How odd

Where did the Nationaal Alliance gettheir ideas?

Only learning about this now.

Where do the National Alliance get their ideas?

I stumbled across the national alliance last night, as I logged in to twitter to check on the latest online gossip. One of the first items to strike me was their logo. It looked familiar, as you can see above.

That typo isn’t mine by the way, “lastest” really is a word, apparently, according to one of the links on their site.

Behind the national alliance are Marc Coleman (economist and broadcaster), John McGuirk (former Libertas campaigner), Christopher O’Toole (Fianna Fáil acivist), and David Quinn (director of the Iona Institute).

I’ve downloaded a PDF containing their manifesto, and will write at greater length later. An initial scan reveals some worthy goals: electoral reform, more women in politics, an improved senate.

But there are some curious aspirations too. What is one to make of the assertion that “secular intolerance must be as strongly opposed as religious intolerance”?

How should we interpret the statement that “as a pluralist Christian nation, Ireland must allow the decent silent majority of religious voters to be heard.”

Or the call to fight “discrimination against the nuclear family”? What discrimination would that be exactly?

And just what do you make of “employment policies [which] balance Ireland’s eternal welcome to outsiders with a clear duty to Irish citizens”?

It all sounds vaguely familiar, somehow.

More later.

Categorised as 200 Words

By Gerard Cunningham

Gerard Cunningham occupies his time working as a journalist, writer, sub-editor, blogger and podcaster, yet still finds himself underemployed.


  1. You spotted the meaningless Iona gibberish.

    But the meat of the fun is in the Economic plan (complete with annexes with Roman Numeral designations). They might as well have been posted with coffee rings and bits of spilled pints still on them.

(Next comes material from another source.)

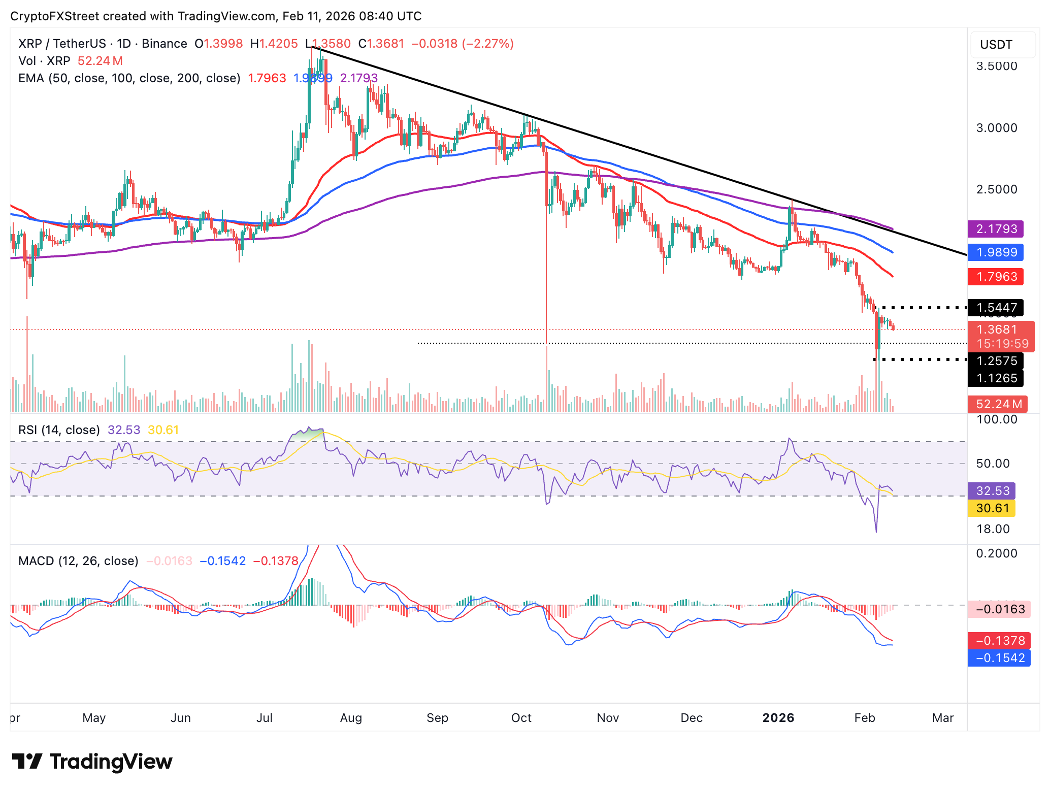 XRP, on the other hand, is trading under heavy selling pressure, down over 2% intraday to $1.36. The remittance token trades well below the downward-sloping 50-day EMA at $1.80, the 200-day EMA at $1.99, and the 200-day EMA at $2.18. All three moving averages signal a steady downtrend that could retest the October 10 low at $1.25 and Friday's low at $1.12.
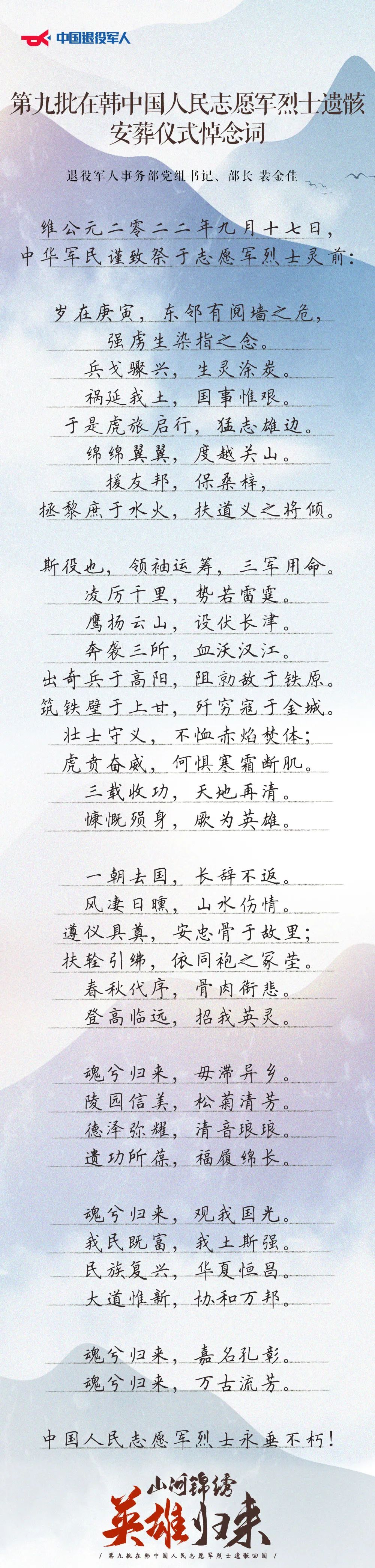 裴金佳致第九批在韓志愿軍烈士遺骸安葬祭文

    Here they are, taking issue with the concept of progressive taxation: (All typos as they appear in the original)

    “This is also necessary to restore sanity to income tax profiles: A tax whereby the top 5 per cent of earners pay 48 per cent of revenues and where someone on 100,000 pays – despite of earning a multiple of four times their income – ten times more income tax than someone on 25,000 has lost touch with reality and must be recalibrated.”

    Again, this terrible maltreatment of the poor downtrodden wealthy citizen eats away at them. They even come up with a radical answer to lock in future govs, preventing them from making them pay into society, no matter what happens to it:

    “Our income belongs to us: We earned it and the state’s ability to tax us must be constitutionally limited and proscribed.”

  2. Like I said, I’ve barely scratched the surface on this. Hoping to get some time to review it later. For now, there’s a discussion over on ( which looks interesting. Marc Coleman (or at least, a poster claiming to be Coleman) has chipped in on the thread.